Stored items
┄┄┄┄┄┄┄┄┄┄

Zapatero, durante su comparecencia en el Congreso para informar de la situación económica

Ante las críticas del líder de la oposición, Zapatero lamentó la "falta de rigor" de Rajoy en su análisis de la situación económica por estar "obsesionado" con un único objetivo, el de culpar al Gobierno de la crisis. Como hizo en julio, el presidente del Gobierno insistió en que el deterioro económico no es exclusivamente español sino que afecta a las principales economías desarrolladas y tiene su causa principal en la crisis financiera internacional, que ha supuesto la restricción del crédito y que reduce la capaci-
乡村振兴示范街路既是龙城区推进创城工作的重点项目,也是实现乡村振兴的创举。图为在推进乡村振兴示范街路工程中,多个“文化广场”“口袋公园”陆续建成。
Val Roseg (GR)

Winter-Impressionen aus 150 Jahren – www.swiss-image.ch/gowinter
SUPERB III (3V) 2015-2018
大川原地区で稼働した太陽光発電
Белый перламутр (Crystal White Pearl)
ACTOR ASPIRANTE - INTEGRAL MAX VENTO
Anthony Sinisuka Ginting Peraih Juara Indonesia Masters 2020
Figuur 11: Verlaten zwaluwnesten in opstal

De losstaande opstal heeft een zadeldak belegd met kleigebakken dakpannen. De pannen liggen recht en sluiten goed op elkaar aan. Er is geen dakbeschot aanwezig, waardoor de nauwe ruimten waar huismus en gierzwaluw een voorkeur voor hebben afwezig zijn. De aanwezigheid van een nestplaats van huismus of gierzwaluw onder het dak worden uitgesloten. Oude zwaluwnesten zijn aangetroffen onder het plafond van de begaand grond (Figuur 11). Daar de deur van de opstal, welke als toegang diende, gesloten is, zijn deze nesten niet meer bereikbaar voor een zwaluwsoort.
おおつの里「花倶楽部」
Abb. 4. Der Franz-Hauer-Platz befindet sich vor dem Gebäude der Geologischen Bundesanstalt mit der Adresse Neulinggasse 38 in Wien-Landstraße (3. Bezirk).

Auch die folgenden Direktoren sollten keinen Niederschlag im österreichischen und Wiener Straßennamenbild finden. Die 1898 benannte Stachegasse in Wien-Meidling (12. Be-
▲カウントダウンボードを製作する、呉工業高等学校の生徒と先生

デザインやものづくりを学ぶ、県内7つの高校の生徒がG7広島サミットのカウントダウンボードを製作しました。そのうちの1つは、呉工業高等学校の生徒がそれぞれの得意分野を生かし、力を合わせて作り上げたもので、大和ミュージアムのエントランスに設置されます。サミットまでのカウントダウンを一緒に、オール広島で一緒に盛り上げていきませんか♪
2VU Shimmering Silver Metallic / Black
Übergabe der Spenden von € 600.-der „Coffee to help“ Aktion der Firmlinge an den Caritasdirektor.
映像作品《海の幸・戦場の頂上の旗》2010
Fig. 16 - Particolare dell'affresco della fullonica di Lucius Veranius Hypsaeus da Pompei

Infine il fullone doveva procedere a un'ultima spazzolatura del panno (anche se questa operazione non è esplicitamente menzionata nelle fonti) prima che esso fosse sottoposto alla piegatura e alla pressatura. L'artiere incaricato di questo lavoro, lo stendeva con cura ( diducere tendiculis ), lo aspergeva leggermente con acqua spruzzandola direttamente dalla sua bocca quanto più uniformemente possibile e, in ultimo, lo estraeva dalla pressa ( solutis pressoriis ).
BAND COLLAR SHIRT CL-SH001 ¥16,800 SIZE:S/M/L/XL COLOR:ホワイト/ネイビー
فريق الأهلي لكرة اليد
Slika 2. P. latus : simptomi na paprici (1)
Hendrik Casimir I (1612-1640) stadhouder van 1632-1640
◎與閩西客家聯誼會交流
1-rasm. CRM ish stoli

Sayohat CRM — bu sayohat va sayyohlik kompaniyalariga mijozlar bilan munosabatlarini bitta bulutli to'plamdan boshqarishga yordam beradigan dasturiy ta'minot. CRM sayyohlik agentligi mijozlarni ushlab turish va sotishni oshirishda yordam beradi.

┄┄┄┄┄┄┄┄┄┄

Exercise goal: Every record above needs to be restated exactly.

Solution for this exercise:
Zapatero, durante su comparecencia en el Congreso para informar de la situación económica

Ante las críticas del líder de la oposición, Zapatero lamentó la "falta de rigor" de Rajoy en su análisis de la situación económica por estar "obsesionado" con un único objetivo, el de culpar al Gobierno de la crisis. Como hizo en julio, el presidente del Gobierno insistió en que el deterioro económico no es exclusivamente español sino que afecta a las principales economías desarrolladas y tiene su causa principal en la crisis financiera internacional, que ha supuesto la restricción del crédito y que reduce la capaci-
乡村振兴示范街路既是龙城区推进创城工作的重点项目,也是实现乡村振兴的创举。图为在推进乡村振兴示范街路工程中,多个“文化广场”“口袋公园”陆续建成。
Val Roseg (GR)

Winter-Impressionen aus 150 Jahren – www.swiss-image.ch/gowinter
SUPERB III (3V) 2015-2018
大川原地区で稼働した太陽光発電
Белый перламутр (Crystal White Pearl)
ACTOR ASPIRANTE - INTEGRAL MAX VENTO
Anthony Sinisuka Ginting Peraih Juara Indonesia Masters 2020
Figuur 11: Verlaten zwaluwnesten in opstal

De losstaande opstal heeft een zadeldak belegd met kleigebakken dakpannen. De pannen liggen recht en sluiten goed op elkaar aan. Er is geen dakbeschot aanwezig, waardoor de nauwe ruimten waar huismus en gierzwaluw een voorkeur voor hebben afwezig zijn. De aanwezigheid van een nestplaats van huismus of gierzwaluw onder het dak worden uitgesloten. Oude zwaluwnesten zijn aangetroffen onder het plafond van de begaand grond (Figuur 11). Daar de deur van de opstal, welke als toegang diende, gesloten is, zijn deze nesten niet meer bereikbaar voor een zwaluwsoort.
おおつの里「花倶楽部」
Abb. 4. Der Franz-Hauer-Platz befindet sich vor dem Gebäude der Geologischen Bundesanstalt mit der Adresse Neulinggasse 38 in Wien-Landstraße (3. Bezirk).

Auch die folgenden Direktoren sollten keinen Niederschlag im österreichischen und Wiener Straßennamenbild finden. Die 1898 benannte Stachegasse in Wien-Meidling (12. Be-
▲カウントダウンボードを製作する、呉工業高等学校の生徒と先生

デザインやものづくりを学ぶ、県内7つの高校の生徒がG7広島サミットのカウントダウンボードを製作しました。そのうちの1つは、呉工業高等学校の生徒がそれぞれの得意分野を生かし、力を合わせて作り上げたもので、大和ミュージアムのエントランスに設置されます。サミットまでのカウントダウンを一緒に、オール広島で一緒に盛り上げていきませんか♪
2VU Shimmering Silver Metallic / Black
Übergabe der Spenden von € 600.-der „Coffee to help“ Aktion der Firmlinge an den Caritasdirektor.
映像作品《海の幸・戦場の頂上の旗》2010
Fig. 16 - Particolare dell'affresco della fullonica di Lucius Veranius Hypsaeus da Pompei

Infine il fullone doveva procedere a un'ultima spazzolatura del panno (anche se questa operazione non è esplicitamente menzionata nelle fonti) prima che esso fosse sottoposto alla piegatura e alla pressatura. L'artiere incaricato di questo lavoro, lo stendeva con cura ( diducere tendiculis ), lo aspergeva leggermente con acqua spruzzandola direttamente dalla sua bocca quanto più uniformemente possibile e, in ultimo, lo estraeva dalla pressa ( solutis pressoriis ).
BAND COLLAR SHIRT CL-SH001 ¥16,800 SIZE:S/M/L/XL COLOR:ホワイト/ネイビー
فريق الأهلي لكرة اليد
Slika 2. P. latus : simptomi na paprici (1)
Hendrik Casimir I (1612-1640) stadhouder van 1632-1640
◎與閩西客家聯誼會交流
1-rasm. CRM ish stoli

Sayohat CRM — bu sayohat va sayyohlik kompaniyalariga mijozlar bilan munosabatlarini bitta bulutli to'plamdan boshqarishga yordam beradigan dasturiy ta'minot. CRM sayyohlik agentligi mijozlarni ushlab turish va sotishni oshirishda yordam beradi.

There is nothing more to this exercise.